4- With the BufferedOutputStream tips, I get much better result. If I
generate 100 millions of lines, C, Perl, and java as nearly the same
performance, for this small test.

For C:
real 1m15.435s
user 0m32.418s
sys 0m8.729s

For Perl:
real 1m27.213s
user 1m6.180s
sys 0m8.805s

For java:
real 2m15.236s
user 1m52.683s
sys 0m14.797s

For java -server:
real 1m33.065s
user 1m12.065s
sys 0m11.365s

5- So now, I am more reassured and I will continue with Java. Of course,
as there will be much more computation, the gap between compiled and
interpreted languages will increase.


Thanks to everyone.

Olivier
 
D

Daniel Pitts

Olivier said:
Hello,

I would like to show to somebody how different languages look like by
doing a very simple case.
I was very surprised by the poor performance of the java version !

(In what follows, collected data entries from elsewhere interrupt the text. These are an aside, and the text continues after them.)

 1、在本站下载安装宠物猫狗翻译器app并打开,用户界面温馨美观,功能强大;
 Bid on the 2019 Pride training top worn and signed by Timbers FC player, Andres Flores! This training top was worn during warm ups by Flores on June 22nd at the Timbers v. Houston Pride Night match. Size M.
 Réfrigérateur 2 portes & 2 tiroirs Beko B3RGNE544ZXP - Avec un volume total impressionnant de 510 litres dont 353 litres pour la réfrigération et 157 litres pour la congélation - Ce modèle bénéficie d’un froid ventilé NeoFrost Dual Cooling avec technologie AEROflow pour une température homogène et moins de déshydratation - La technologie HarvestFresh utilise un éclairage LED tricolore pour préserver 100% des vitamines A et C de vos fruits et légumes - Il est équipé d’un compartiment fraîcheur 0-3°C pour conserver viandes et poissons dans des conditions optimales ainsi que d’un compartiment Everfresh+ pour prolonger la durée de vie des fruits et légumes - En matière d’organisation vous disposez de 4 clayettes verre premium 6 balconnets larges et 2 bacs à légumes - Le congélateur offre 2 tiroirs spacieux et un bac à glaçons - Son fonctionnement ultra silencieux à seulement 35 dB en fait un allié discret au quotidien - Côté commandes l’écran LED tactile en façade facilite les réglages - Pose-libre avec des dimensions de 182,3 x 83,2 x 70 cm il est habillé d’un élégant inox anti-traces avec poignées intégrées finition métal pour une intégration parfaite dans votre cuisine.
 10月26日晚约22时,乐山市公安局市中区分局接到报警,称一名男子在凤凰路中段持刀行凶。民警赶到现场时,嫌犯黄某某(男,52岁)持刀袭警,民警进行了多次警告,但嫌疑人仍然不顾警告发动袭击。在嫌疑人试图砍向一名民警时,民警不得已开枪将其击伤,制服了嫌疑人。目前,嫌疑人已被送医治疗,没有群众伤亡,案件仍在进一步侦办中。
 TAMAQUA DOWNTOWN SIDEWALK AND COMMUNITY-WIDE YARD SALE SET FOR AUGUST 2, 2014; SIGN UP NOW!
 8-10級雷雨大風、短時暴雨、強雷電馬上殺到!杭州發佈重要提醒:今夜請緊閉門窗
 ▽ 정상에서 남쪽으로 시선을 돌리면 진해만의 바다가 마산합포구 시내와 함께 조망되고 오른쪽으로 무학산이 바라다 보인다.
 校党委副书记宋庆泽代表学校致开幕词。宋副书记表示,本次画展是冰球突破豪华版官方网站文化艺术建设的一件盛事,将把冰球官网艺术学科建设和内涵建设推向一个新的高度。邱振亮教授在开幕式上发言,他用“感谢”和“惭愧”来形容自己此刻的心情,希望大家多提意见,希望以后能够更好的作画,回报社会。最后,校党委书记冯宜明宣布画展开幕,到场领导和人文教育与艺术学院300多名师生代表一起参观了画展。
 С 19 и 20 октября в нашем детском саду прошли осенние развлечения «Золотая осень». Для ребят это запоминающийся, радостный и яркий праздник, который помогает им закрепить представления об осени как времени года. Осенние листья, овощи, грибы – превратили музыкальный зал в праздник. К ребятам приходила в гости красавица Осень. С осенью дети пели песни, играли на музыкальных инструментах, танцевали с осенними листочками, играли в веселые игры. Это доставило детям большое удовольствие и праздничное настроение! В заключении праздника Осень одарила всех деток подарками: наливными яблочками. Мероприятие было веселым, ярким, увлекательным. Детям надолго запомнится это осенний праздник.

Here are the programs in different languages:

in C:

#include <stdio.h>

int main()
{
int i;

for(i = 0; i < 1000000; i++)
{
printf("abcdefghijk %d\n", i);
}

return 0;
}

time ./test1 > out.txt

real 0m0.710s
user 0m0.576s
sys 0m0.124s

in java:
public class Test
{
public static void main(String[] args)
{
for (int i = 0; i < 1000000; i++)
{
System.out.println("abcdefghijk " + i);
}
}
}

time java Test > out.txt

real 0m12.364s
user 0m4.180s
sys 0m7.676s

time java -server Test > out.txt

real 0m10.537s
user 0m3.120s
sys 0m6.544s


That is not good at all !
ols@tatooine:~/projects/ruby$ java -version
java version "1.6.0_02"
Java(TM) SE Runtime Environment (build 1.6.0_02-b05)
Java HotSpot(TM) Client VM (build 1.6.0_02-b05, mixed mode, sharing)

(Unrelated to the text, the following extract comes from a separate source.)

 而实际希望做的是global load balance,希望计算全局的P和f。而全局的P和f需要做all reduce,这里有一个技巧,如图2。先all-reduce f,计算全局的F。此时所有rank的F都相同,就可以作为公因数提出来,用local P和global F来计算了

ols@tatooine:~/projects/ruby$ uname -a
Linux tatooine 2.6.22-14-generic #1 SMP Sun Oct 14 23:05:12 GMT 2007
i686 GNU/Linux

In python:
i=0
while i < 1000000:
print "abcdefghijk", i
i=i+1

time python test.py > out.txt

real 0m2.292s
user 0m2.064s
sys 0m0.112s

In perl:
for ($count = 0; $count < 1000000; $count++)
{
print "abcdefghijk $count\n";
}
time perl test.pl > out.txt

real 0m1.243s
user 0m1.060s
sys 0m0.160s

In ruby:
counter = 0
while counter < 1000000
puts("abcdefghijk #{counter}")
counter+=1
end

time ruby test.rb > out.txt

real 0m4.731s
user 0m4.452s
sys 0m0.100s

As you can see the java program performance is far from the other one. I
was very surprised! Before the tests, I was sure that the winner will be
C followed by java, but it is not the case ...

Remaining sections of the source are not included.